MMFs are subject to two main vulnerabilities: susceptibility to sudden and disruptive redemptions and difficulties selling assets, particularly under stressed conditions. The prevalence of these vulnerabilities in individual jurisdictions may depend on market structures, use and characteristics of MMFs.

The report considers the likely effects of policy options which address MMFs’ vulnerabilities. FSB members are assessing vulnerabilities in their jurisdiction and will address them using the framework and policy toolkit in the report, in line with their domestic legal frameworks. The FSB recognises that each jurisdiction requires flexibility to tailor measures to their circumstances. It also stresses the importance of working together with international jurisdictions to implement new policies and avoid regulatory arbitrage.

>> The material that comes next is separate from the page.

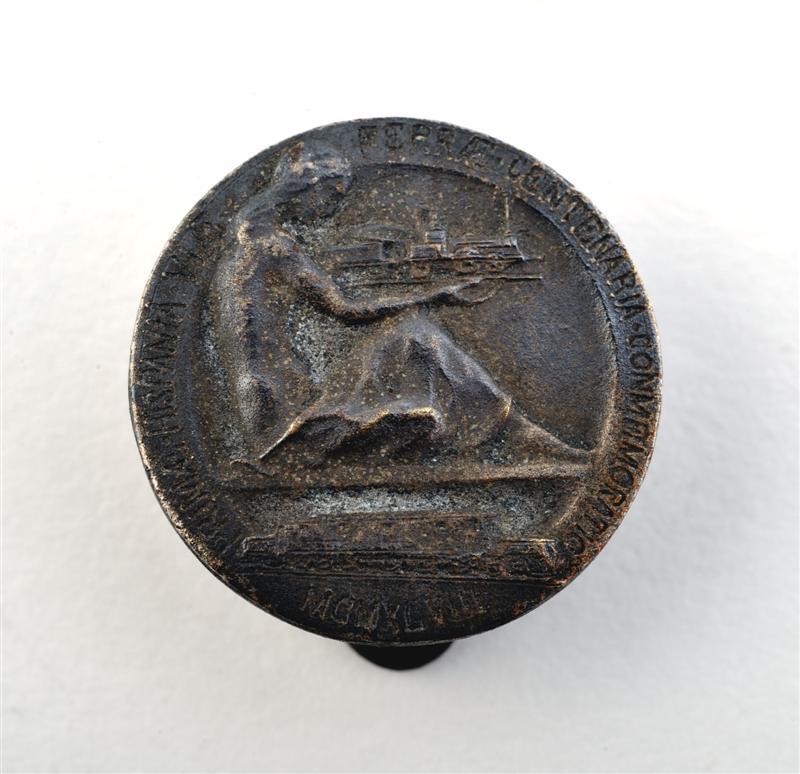 Rond aandenken met achteraan een knoop. In het veld een zittende vrouw die Spanje verbeeldt. Zij houdt in haar armen een elektrische locomotief. Daaronder een zijaanzicht van een elektrische locomotief. Over de omtrek 'Primae . Hispania . viae ferrae . centenaria . commemoratio ; MCMXLVIII'. Schenking van dhr. Ghilain.

The policy options include mechanisms to:

  • impose on redeeming fund investors the cost of their redemptions;
  • absorb credit losses;
  • address regulatory thresholds that may give rise to cliff effects; and
  • reduce liquidity transformation.

The options under each mechanism include:

  • swing pricing;
  • minimum balance at risk and a capital buffer;
  • removal of ties between regulatory thresholds and imposition of fees/gates and removal of the stable net asset value; and
  • limits on eligible assets and additional liquidity requirements and escalation procedures.

The report also notes how member jurisdictions can combine and prioritise these options.

The FSB together with the International Organisation of Securities Commissions (IOSCO) will be reviewing progress in member jurisdictions which will involve a stocktake which will be completed by the end of 2023. This stocktake will be followed up in 2026 to assess the effectiveness of these measures in addressing risks to financial stability.

The IOSCO also plans to revisit its 2012 Policy Recommendations for MMFs. Dependent upon the timing of this review it may form part of the initial stocktake by the FSB and IOSCO.